Le président américain semble depuis privilégier une approche plus attentiste, fondée sur la pression économique.

"Actes de piraterie" 

Sur le terrain, le détroit d'Ormuz, par lequel transitait avant la guerre un cinquième du pétrole mondial, reste le point de friction le plus brûlant.

Les Emirats arabes unis ont dénoncé une attaque iranienne menée jeudi soir contre deux navires affiliés à la compagnie pétrolière publique ADNOC qui franchissaient le détroit. Abou Dhabi a condamné les "actes de piraterie" des Gardiens de la Révolution qui constituent "une menace directe" pour "la sécurité énergétique mondiale".

Les Emirats ont demandé à l'Iran de "rouvrir complètement et sans condition" ce passage.

Téhéran a de son côté fustigé jeudi les "mensonges" de Donald Trump, qui avait assuré la veille, sur son réseau Truth Social, que les Etats-Unis avaient un contrôle "total" du détroit.

Ormuz reste "sous la gestion et le contrôle total de la République islamique", a martelé Ebrahim Zolfaghari, porte-parole du commandement central Khatam al-Anbiya.

Dans les faits, le détroit est verrouillé par l'Iran depuis le début de la guerre, tandis que les Etats-Unis imposent un blocus aux ports iraniens. Téhéran exige des navires une autorisation et veut imposer à terme des frais de service, ce que Washington refuse.

Avant Scott Bessent, le vice-président JD Vance avait affiché jeudi sur Fox News la priorité donnée à l'arme économique: "l'objectif numéro un" des Etats-Unis est de "faire en sorte que le pétrole et l'essence restent bon marché pour les Américains", "l'objectif numéro deux" étant "d'assurer que l'Iran ne se dote jamais de l'arme nucléaire".
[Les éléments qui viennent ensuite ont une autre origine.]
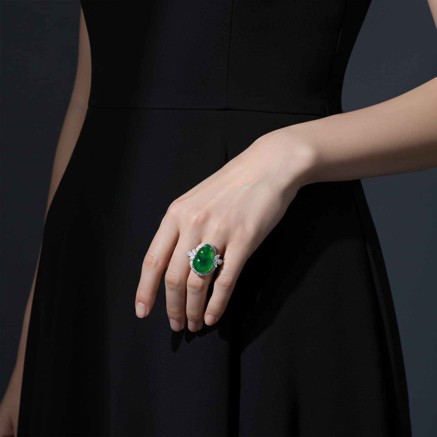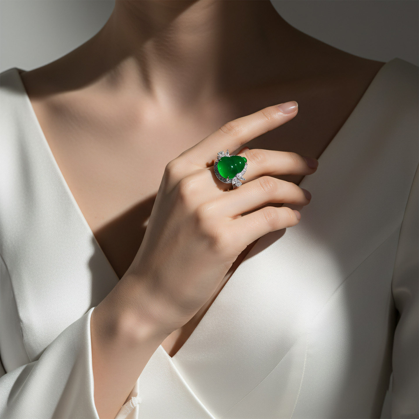 AILEQ925银镶嵌天然玉髓满绿葫芦福禄春夏戒指直播爆款媲美翡翠K5
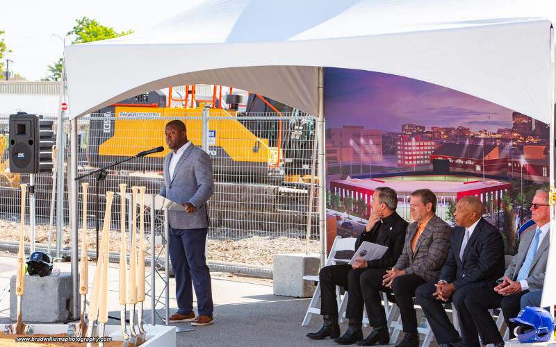 Creighton University broke ground yesterday for its baseball practice field and celebrated construction progress on its softball stadium.

M. Bessent a, lui, présenté sa stratégie comme la combinaison de deux leviers, l'asphyxie financière et le blocus physique, citant Cuba et le Venezuela en comparaison: "Le Venezuela s'est immédiatement effondré quand nous avons imposé le blocus", s'est-il félicité.

Le chef de la diplomatie iranienne Abbas Araghchi a accusé jeudi les Etats-Unis de "mauvais calculs" liés à des défaillances du renseignement. "Un exemple: la guerre contre l'Iran. Maintenant, un mauvais calcul encore plus important sur le détroit d'Ormuz", a-t-il écrit sur X.